As a Pedagogical Advisor at the École Polytechnique Fédérale de Lausanne (EPFL) he supports the quality of teaching on campus through offering in-depth teaching evaluations and coaching to academic staff; providing training workshops for teachers; supporting projects which are aimed at curriculum reform and at enhancing the quality of teaching and learning on campus and engaging in research on learning and teaching in higher education. He worked in teacher education at secondary and higher education level (2004-2011) at the University of Limerick, where he was Assistant Dean for Research and later Head of the Ireland's largest department of second-level teacher education. He also worked in primary teacher education at Mary Immaculate College, Limerick (1996-2004).
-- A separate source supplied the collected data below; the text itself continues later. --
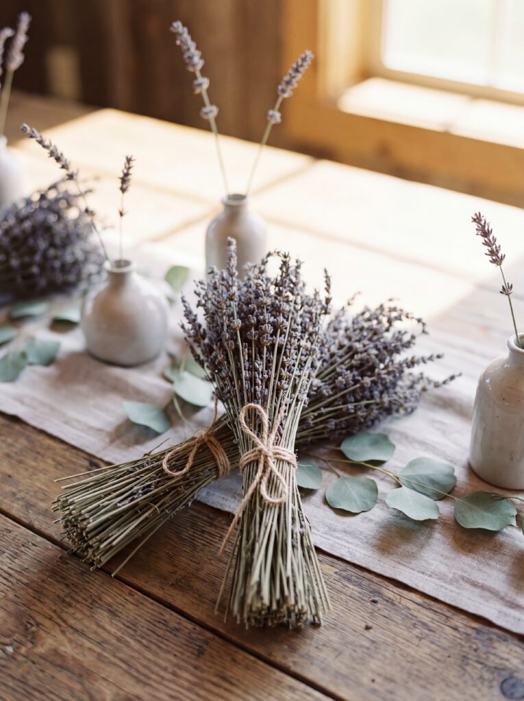 - Dried lavender — fragrant and beautiful, in bundles or scattered loose
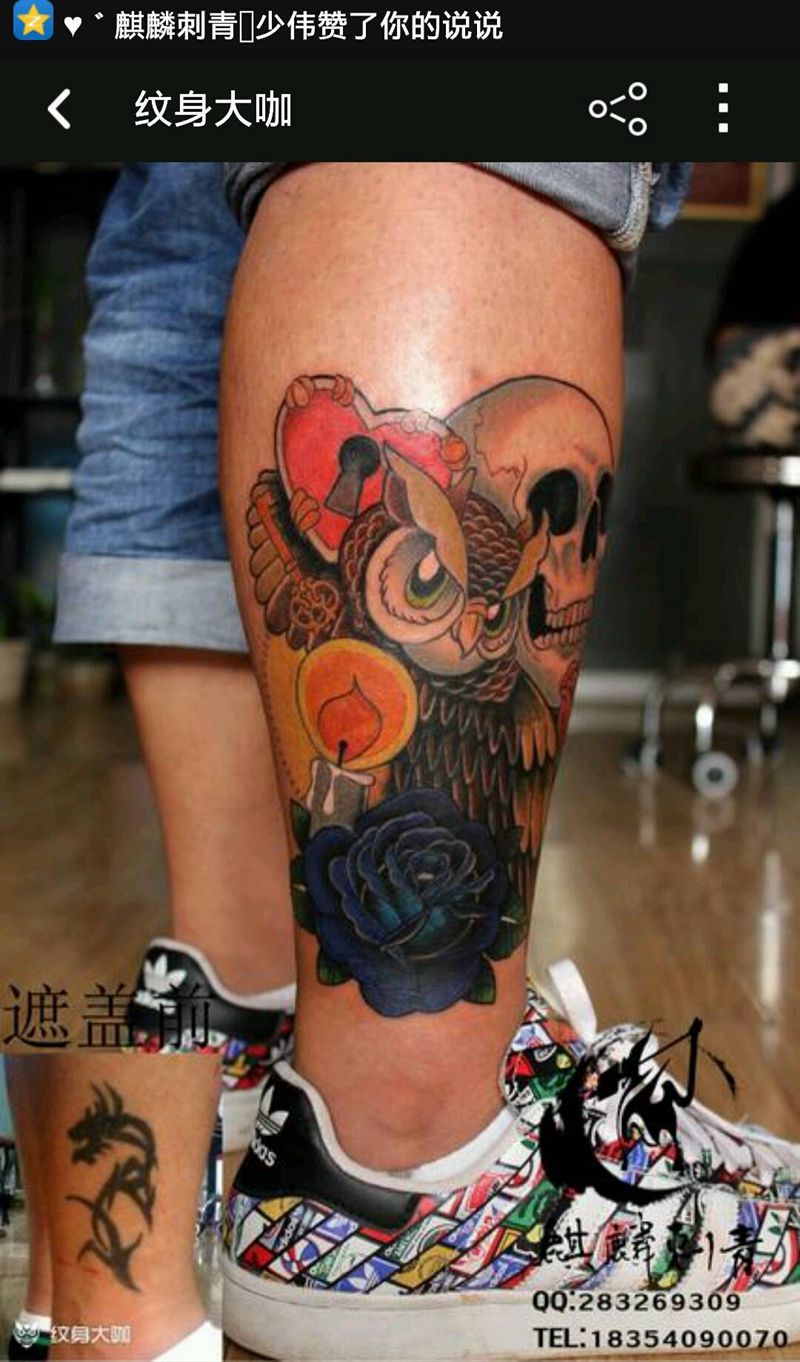 • T网红王老大花腿龙纹身图片_腿部新传统纹身图案
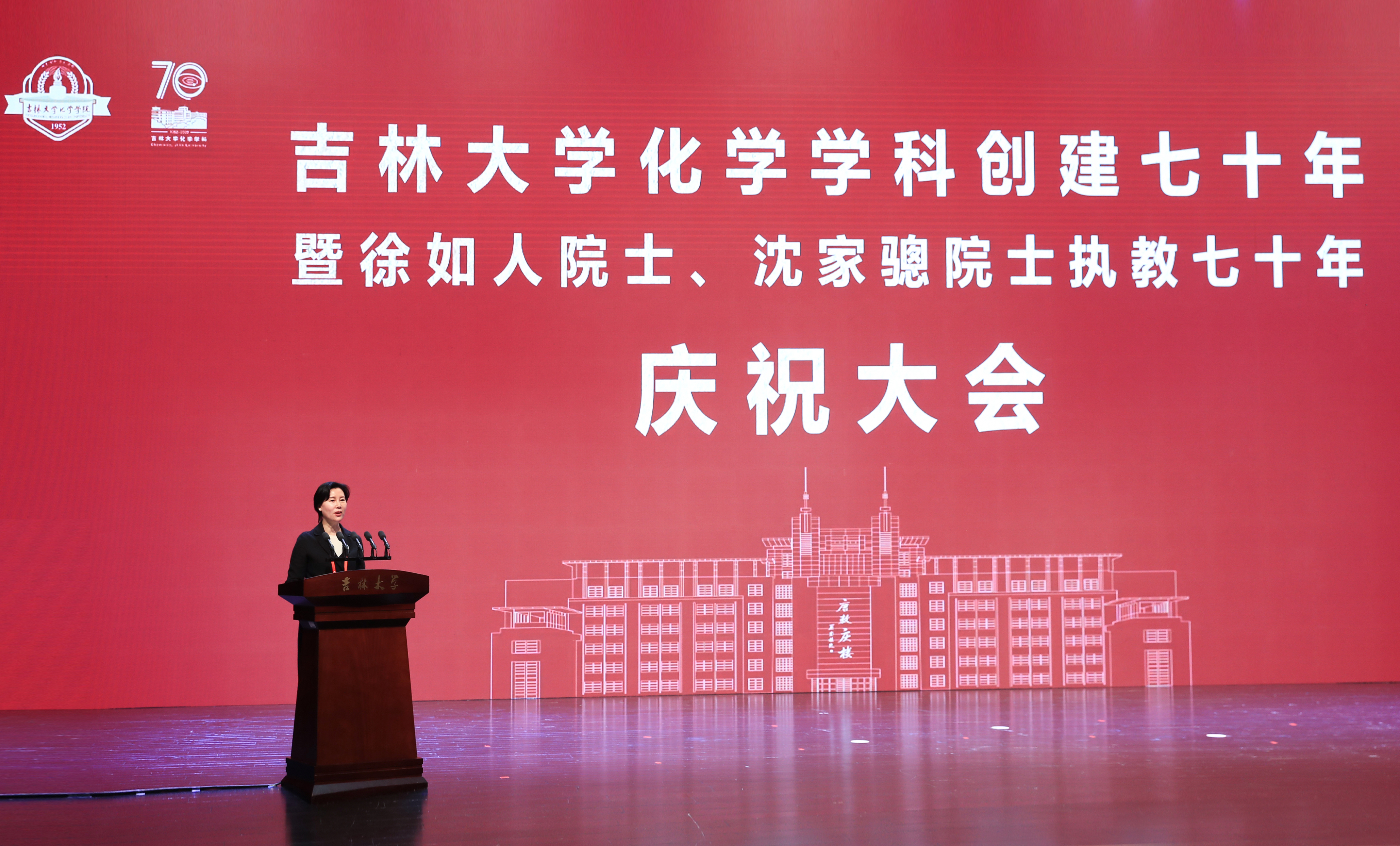 教师发言,向吉大化学七十华诞表示祝贺,向徐如人院士、沈家骢院士致以崇高敬意和诚挚祝福。她表示,吉大化学的发展始终与国家高质量人才培养紧密相连,始终与国家重大需求紧密相连,始终与国际科技前沿紧密相连,始终与服务社会紧密相连,培养了一大批杰出人才,打造了一支堪当科教强国重任的师资队伍。站在新的历史起点上,学院广大教师将坚决扛起深入实施科教兴国战略、人才强国战略、创新驱动发展战略重大职责使命,传承优良传统,紧握接力棒,把化学学科推向新的高峰,在中华民族伟大复兴新征程上谱写新的荣耀与辉煌。
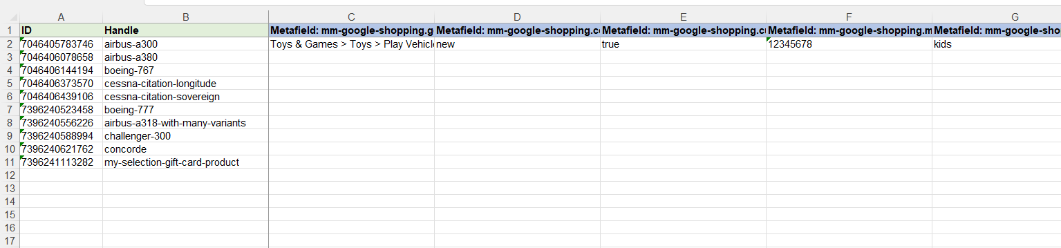 mm-google-shoppingnamespace. - In the exported file, update Metafield columns for your products.
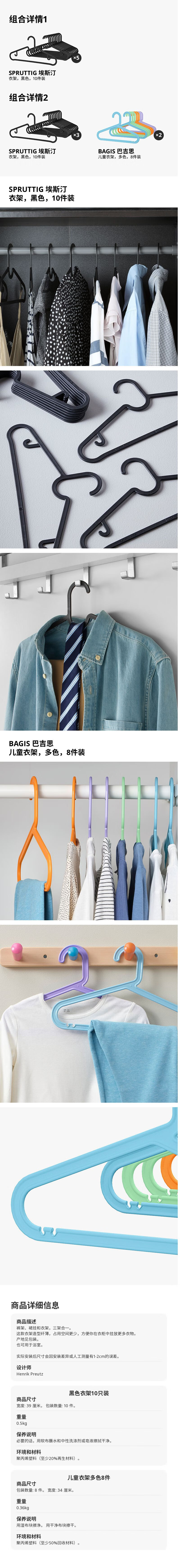 宜家(IKEA)【热销套组】SPRUTTIG埃斯汀衣架晾衣架挂衣架收纳衣撑组合 黑色衣架10只装*3+儿童衣架多色8件*2

He has also worked as an Education Officer with the Irish National Council for Curriculum and Assessment (NCCA) in the areas of Intercultural Education and Social and Political Education and where he was centrally involved in the development of the award winning guidelines, Intercultural Education in the Primary School.
In addition to researching in Ireland Roland Tormey has been involved in educational research in Rwanda, Zambia and Uganda.
In 2007 his popular book on Gaelic Football (Summertime Blues) was nominated for the William Hill Irish Sports Book of the Year.
Roland Tormey has represented the Government of Ireland on the United Nations Economic Commission for Europe (UNECE) Steering Committee and Task Force on the Decade of Education for Sustainable Development and was co-chair of the UNECE Expert Group on Competences in ESD from 2009 to 2011.